_TASK DESCRIPTION_
Quote, word for word, the line containing "Ceresit sivá silikónová" and all lines that follow it to the end of the records, with no pictures.

[Data items]

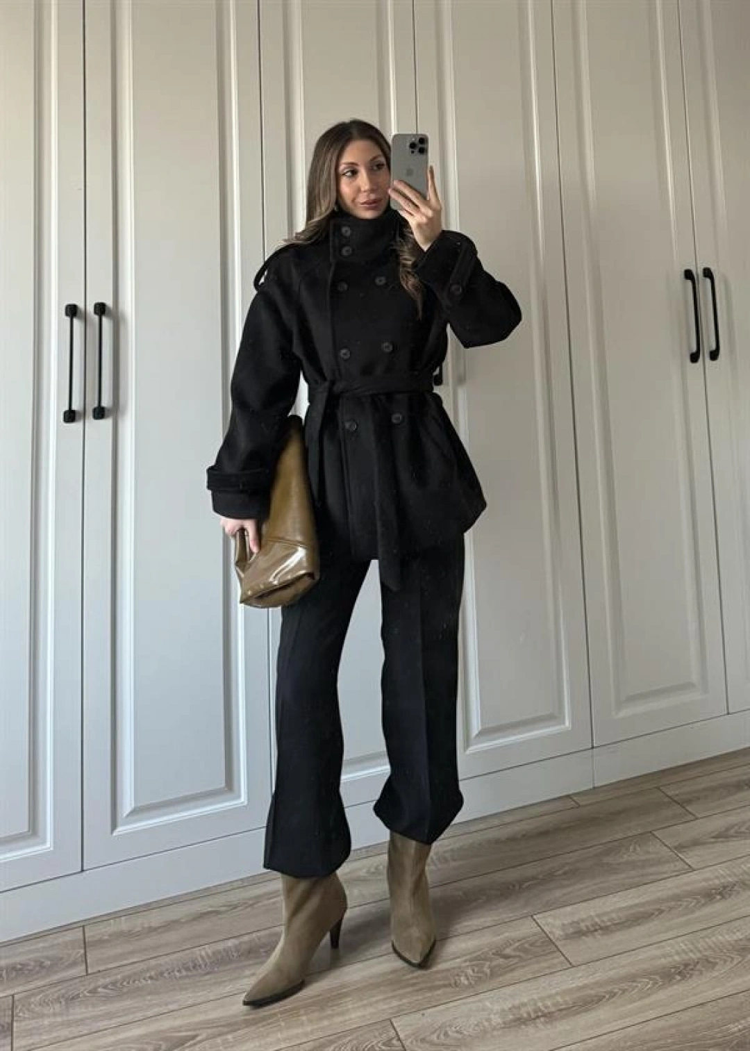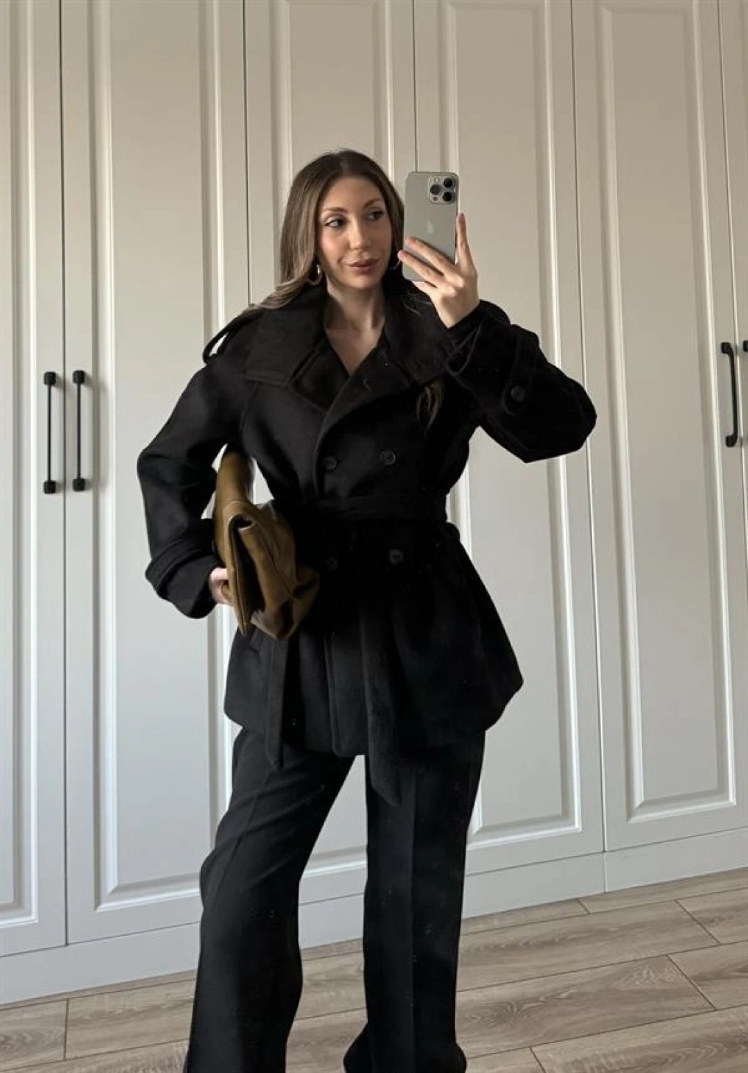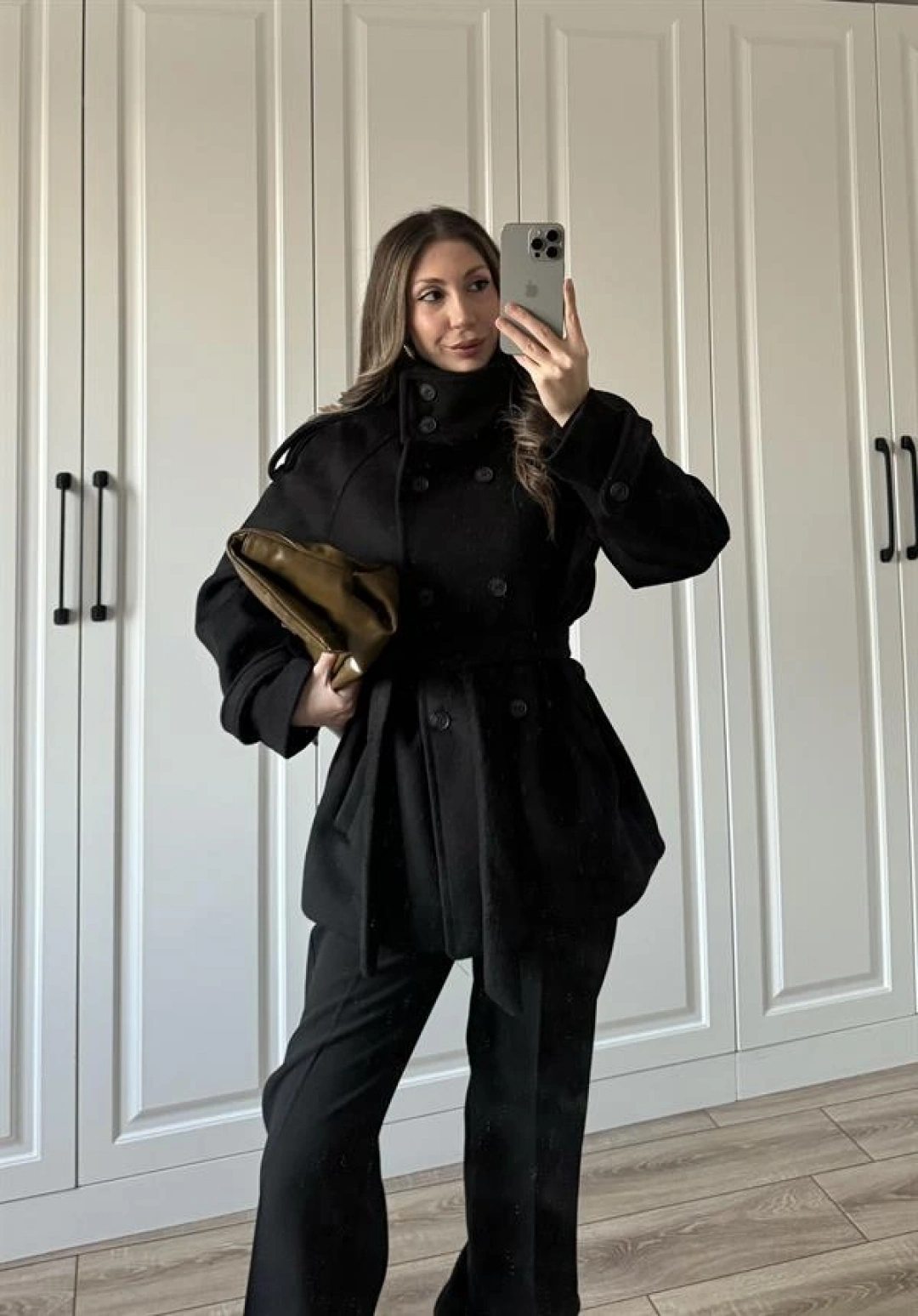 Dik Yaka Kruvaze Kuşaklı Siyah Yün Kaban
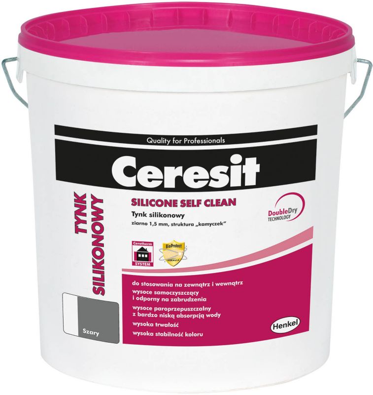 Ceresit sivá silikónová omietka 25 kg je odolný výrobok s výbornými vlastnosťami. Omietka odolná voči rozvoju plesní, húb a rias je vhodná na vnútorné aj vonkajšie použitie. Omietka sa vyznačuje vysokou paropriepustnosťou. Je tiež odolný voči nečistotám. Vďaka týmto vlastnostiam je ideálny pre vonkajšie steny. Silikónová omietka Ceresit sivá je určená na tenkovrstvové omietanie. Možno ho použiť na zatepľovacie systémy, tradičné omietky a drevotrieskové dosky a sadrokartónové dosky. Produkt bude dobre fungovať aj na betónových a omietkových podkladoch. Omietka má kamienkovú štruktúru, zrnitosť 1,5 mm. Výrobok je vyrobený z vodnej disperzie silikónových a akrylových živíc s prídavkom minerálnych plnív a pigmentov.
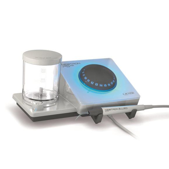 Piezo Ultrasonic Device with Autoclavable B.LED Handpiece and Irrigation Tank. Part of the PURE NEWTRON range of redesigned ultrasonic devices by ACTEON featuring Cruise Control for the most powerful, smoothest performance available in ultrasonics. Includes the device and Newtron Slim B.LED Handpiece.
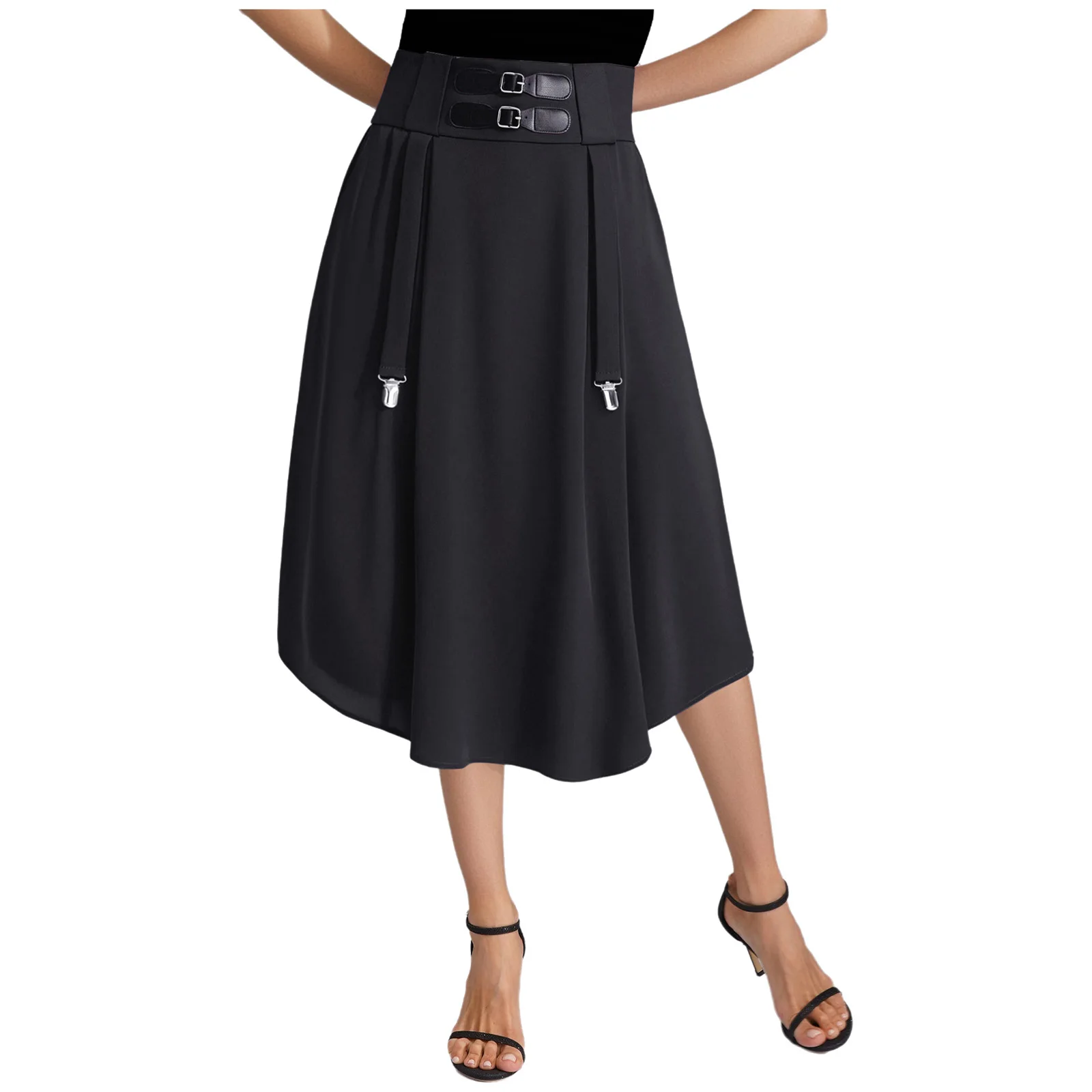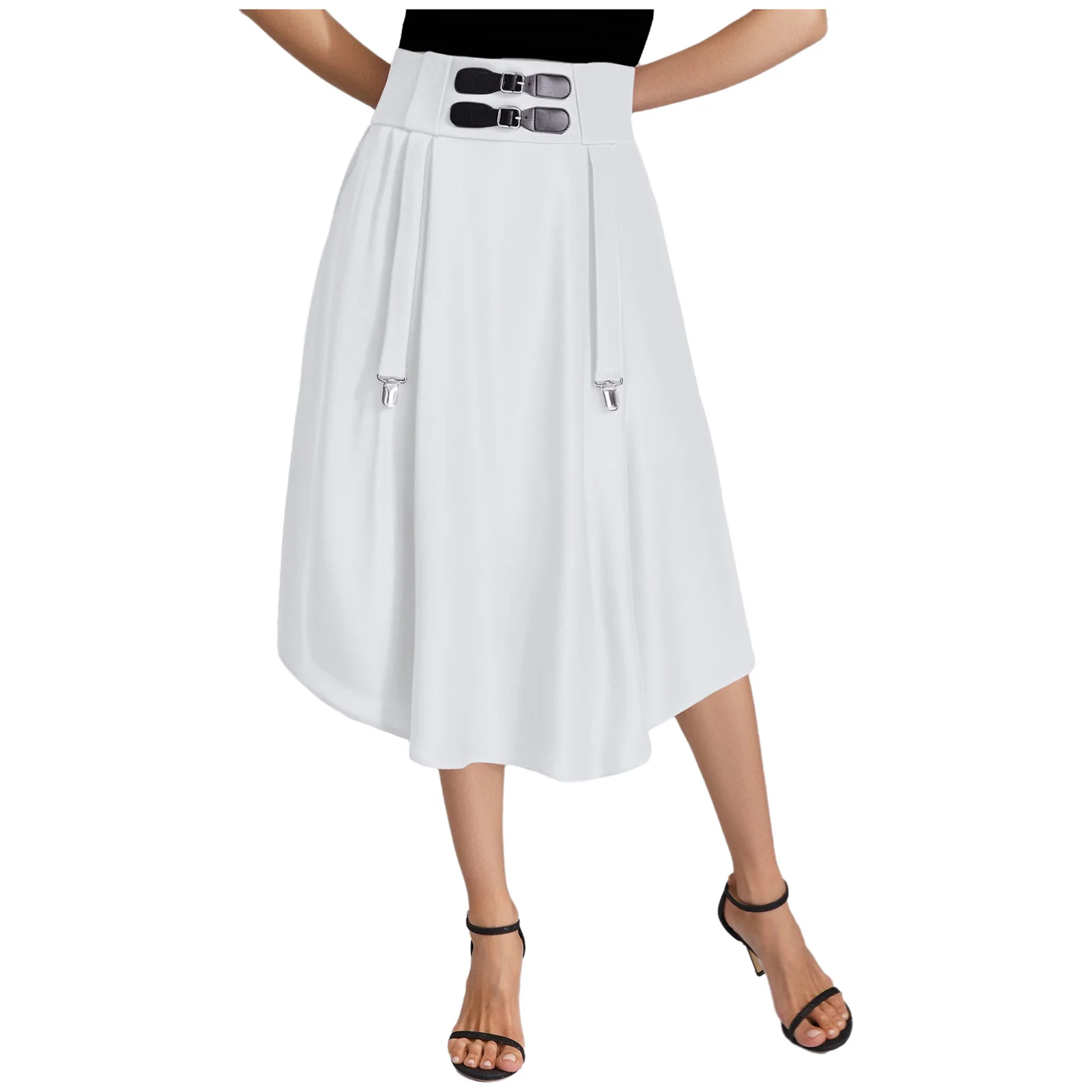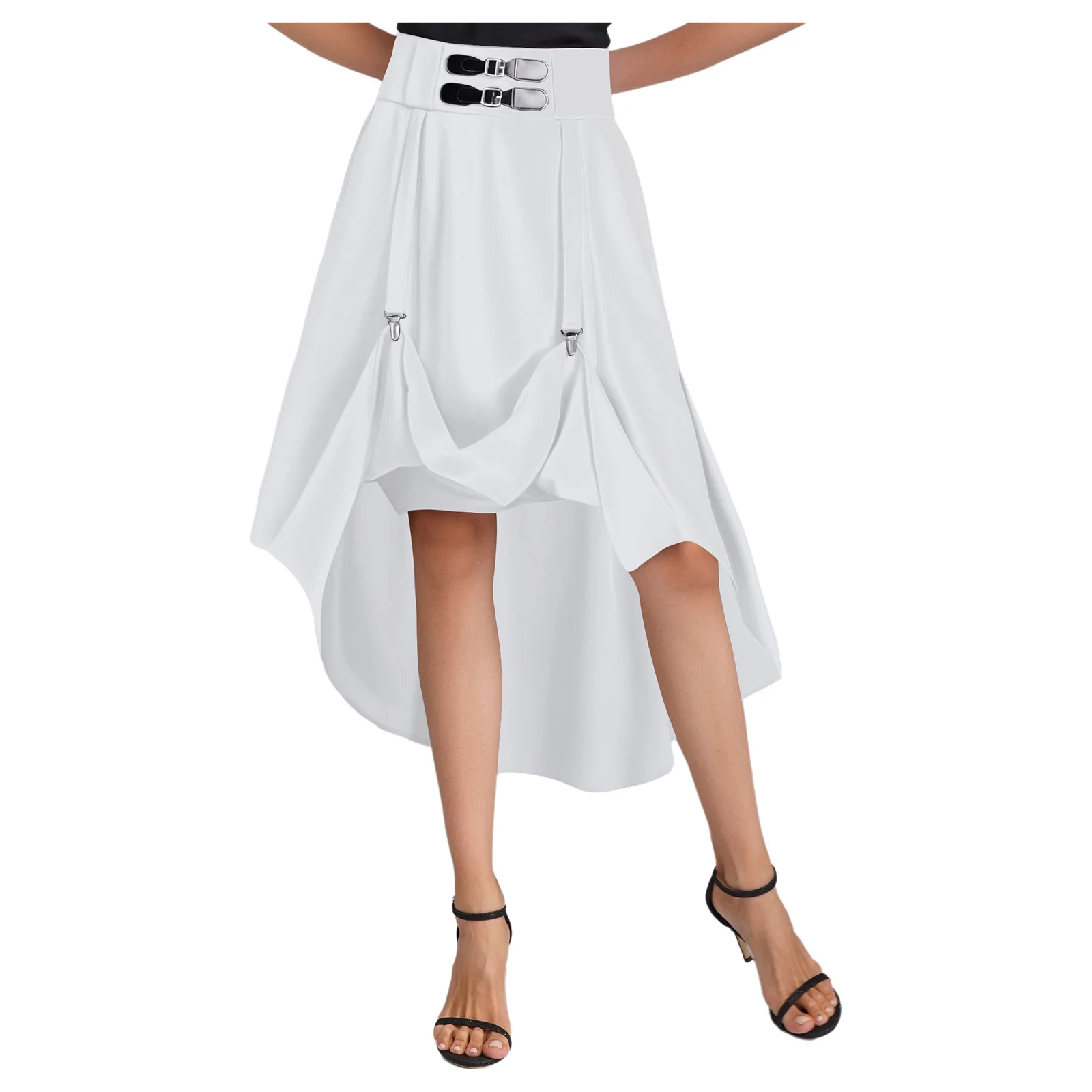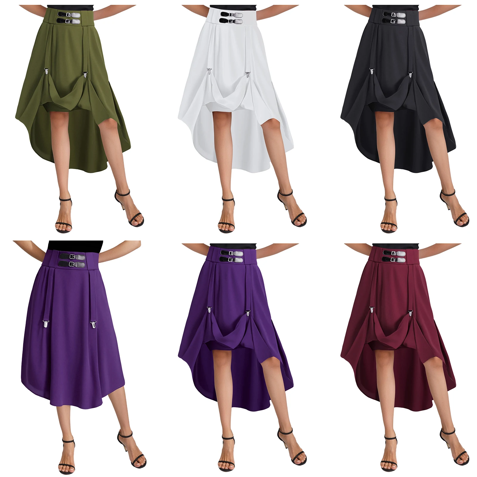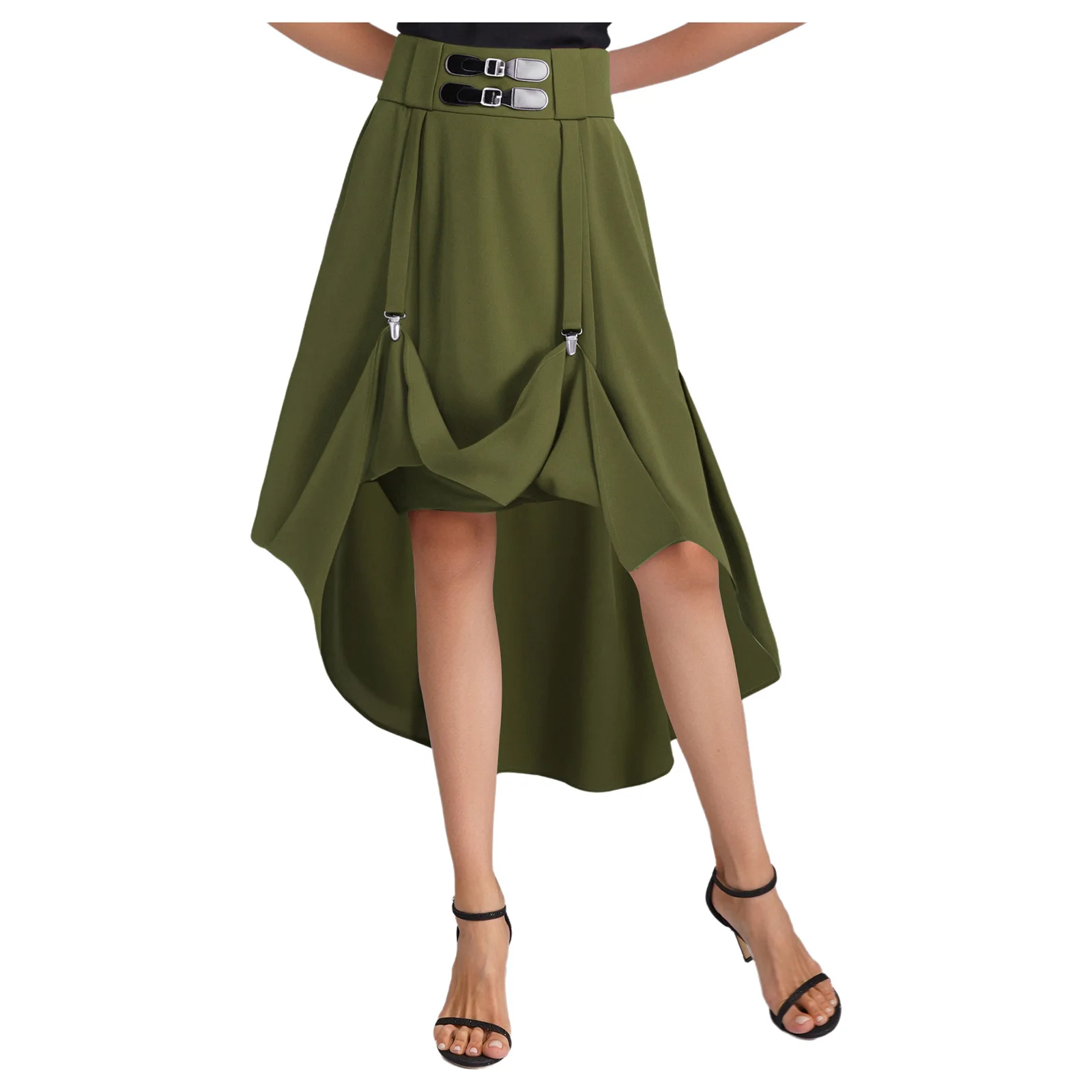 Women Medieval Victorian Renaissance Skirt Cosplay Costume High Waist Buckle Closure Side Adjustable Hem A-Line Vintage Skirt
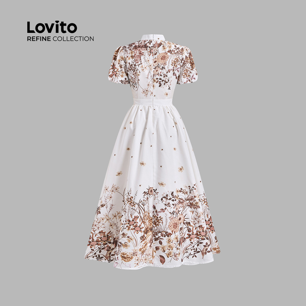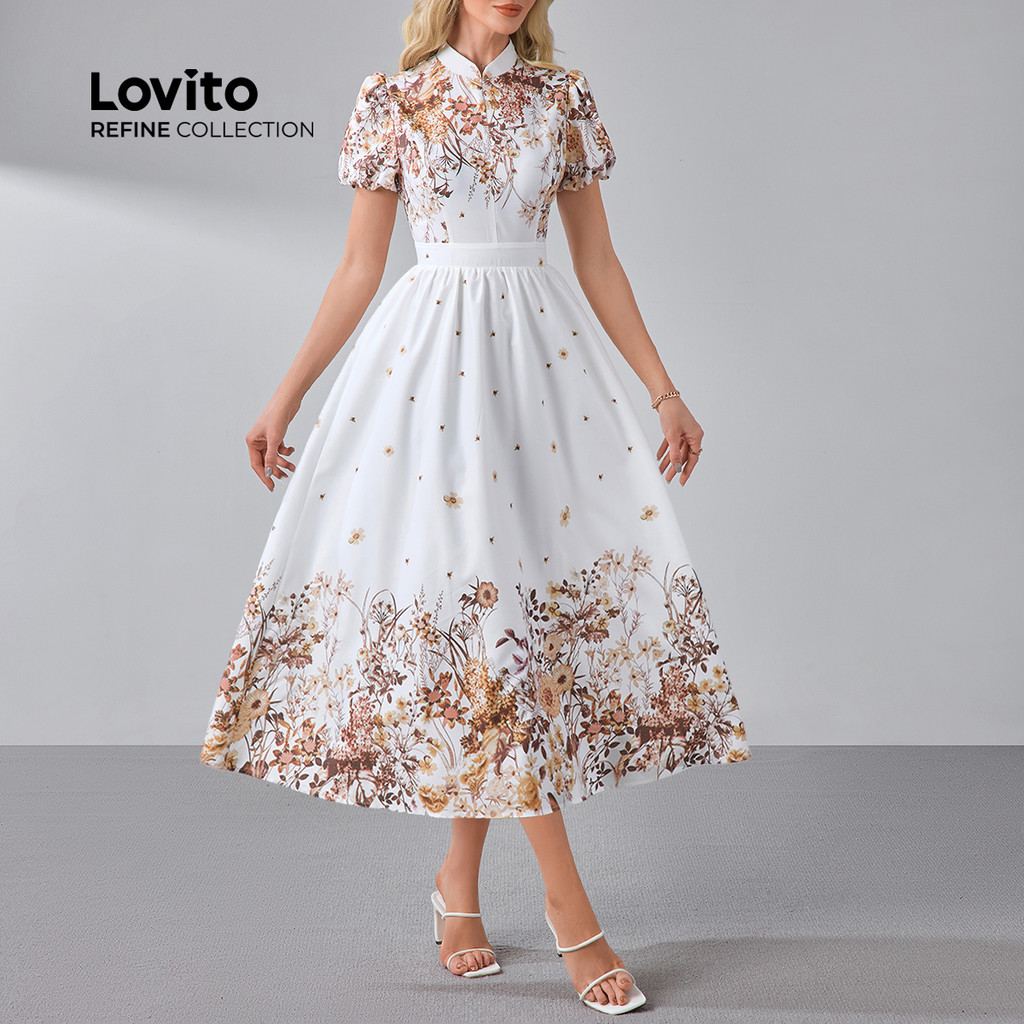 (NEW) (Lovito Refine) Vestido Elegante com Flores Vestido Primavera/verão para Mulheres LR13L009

_WRITTEN SOLUTION_
 Ceresit sivá silikónová omietka 25 kg je odolný výrobok s výbornými vlastnosťami. Omietka odolná voči rozvoju plesní, húb a rias je vhodná na vnútorné aj vonkajšie použitie. Omietka sa vyznačuje vysokou paropriepustnosťou. Je tiež odolný voči nečistotám. Vďaka týmto vlastnostiam je ideálny pre vonkajšie steny. Silikónová omietka Ceresit sivá je určená na tenkovrstvové omietanie. Možno ho použiť na zatepľovacie systémy, tradičné omietky a drevotrieskové dosky a sadrokartónové dosky. Produkt bude dobre fungovať aj na betónových a omietkových podkladoch. Omietka má kamienkovú štruktúru, zrnitosť 1,5 mm. Výrobok je vyrobený z vodnej disperzie silikónových a akrylových živíc s prídavkom minerálnych plnív a pigmentov.
 Piezo Ultrasonic Device with Autoclavable B.LED Handpiece and Irrigation Tank. Part of the PURE NEWTRON range of redesigned ultrasonic devices by ACTEON featuring Cruise Control for the most powerful, smoothest performance available in ultrasonics. Includes the device and Newtron Slim B.LED Handpiece.
 Women Medieval Victorian Renaissance Skirt Cosplay Costume High Waist Buckle Closure Side Adjustable Hem A-Line Vintage Skirt
 (NEW) (Lovito Refine) Vestido Elegante com Flores Vestido Primavera/verão para Mulheres LR13L009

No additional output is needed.